Doctrine\ORM\Tools\Pagination\Paginator is an amazing tool that lets you fetch entities in chunks. And it sends two separate SQL queries:

  1. The first query to get unique entity IDs
  2. The second query is fetching the actual entity data. This query uses the result of the previous one as an additional filter.
    For simplicity let's call them id and data queries.

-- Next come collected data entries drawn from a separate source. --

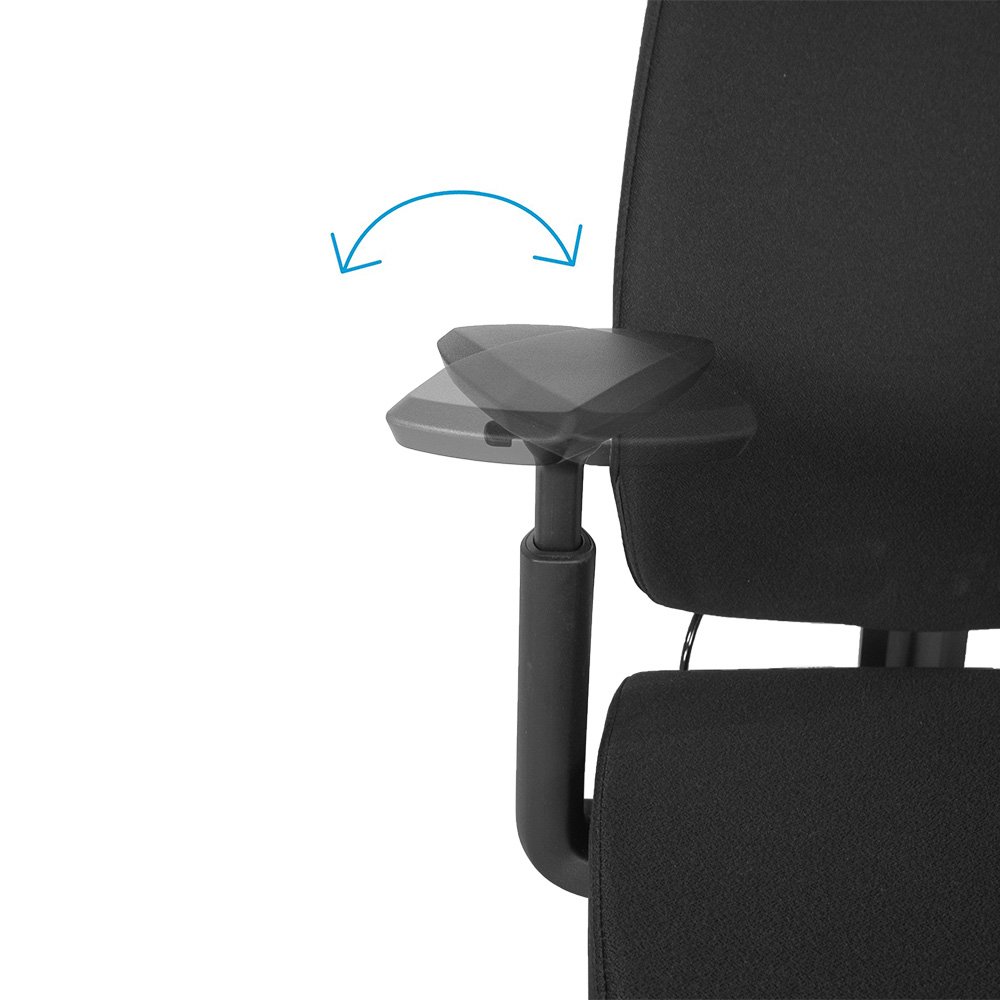 - Irroitettavat 4d -käsinojat, leveyden- ja korkeudensäädöllä. Käsinojien yläosa kääntyy 360° ja liukuu eteen- ja taaksepäin. Käsinojat tulevat aina mukana.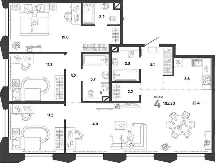 56 228 500 ₽4-к.квартира, 104.5 м², 4 эт.
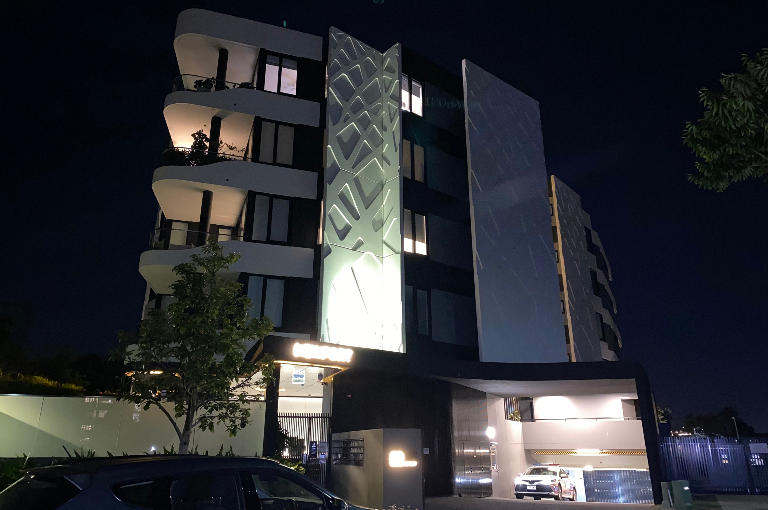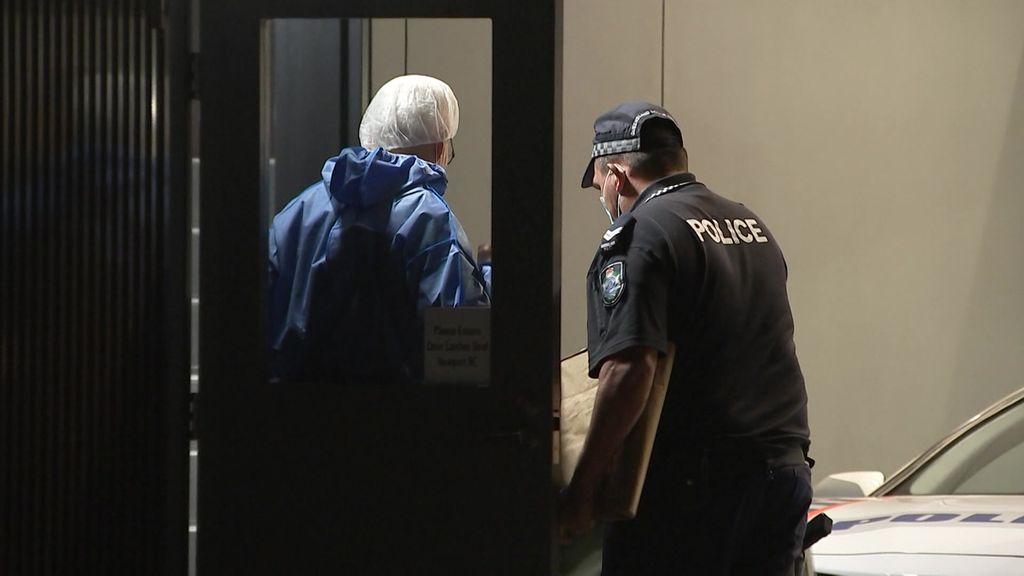 The body was discovered inside a storage box at the waterfront unit on level three of the Newport Hamilton Apartments block.

To demonstrate it, lets use CmsUser and CmsAddress entities:

...
$query = new Query($this->em);
$query->setDQL('SELECT u
    FROM Doctrine\\Tests\\Models\\CMS\\CmsUser u
    JOIN Doctrine\\Tests\\Models\\CMS\\CmsAddress a
    WHERE a.city = :filterCity');
$query->setParameters(['filterCity' => 'London']);
$query->setMaxResults(1);
$paginator = (new Paginator($query, true))->setUseOutputWalkers(false);
$paginator->getIterator();

The code above will trigger two SQL queries:
id

SELECT DISTINCT c0_.id AS id_0
FROM cms_users c0_
INNER JOIN cms_addresses c1_
WHERE c1_.city = ? LIMIT 1

data

SELECT
    c0_.id AS id_0,
    c0_.status AS status_1,
    c0_.username AS username_2,
    c0_.name AS name_3,
    c0_.email_id AS email_id_4
FROM cms_users c0_
INNER JOIN cms_addresses c1_
WHERE 
    c1_.city = ?
    AND c0_.id IN (?)

The problem is that the data query has:

  • unused join: INNER JOIN cms_addresses c1_
  • redundant where condition c1_.city = ?
    This PR tries to optimize the data query.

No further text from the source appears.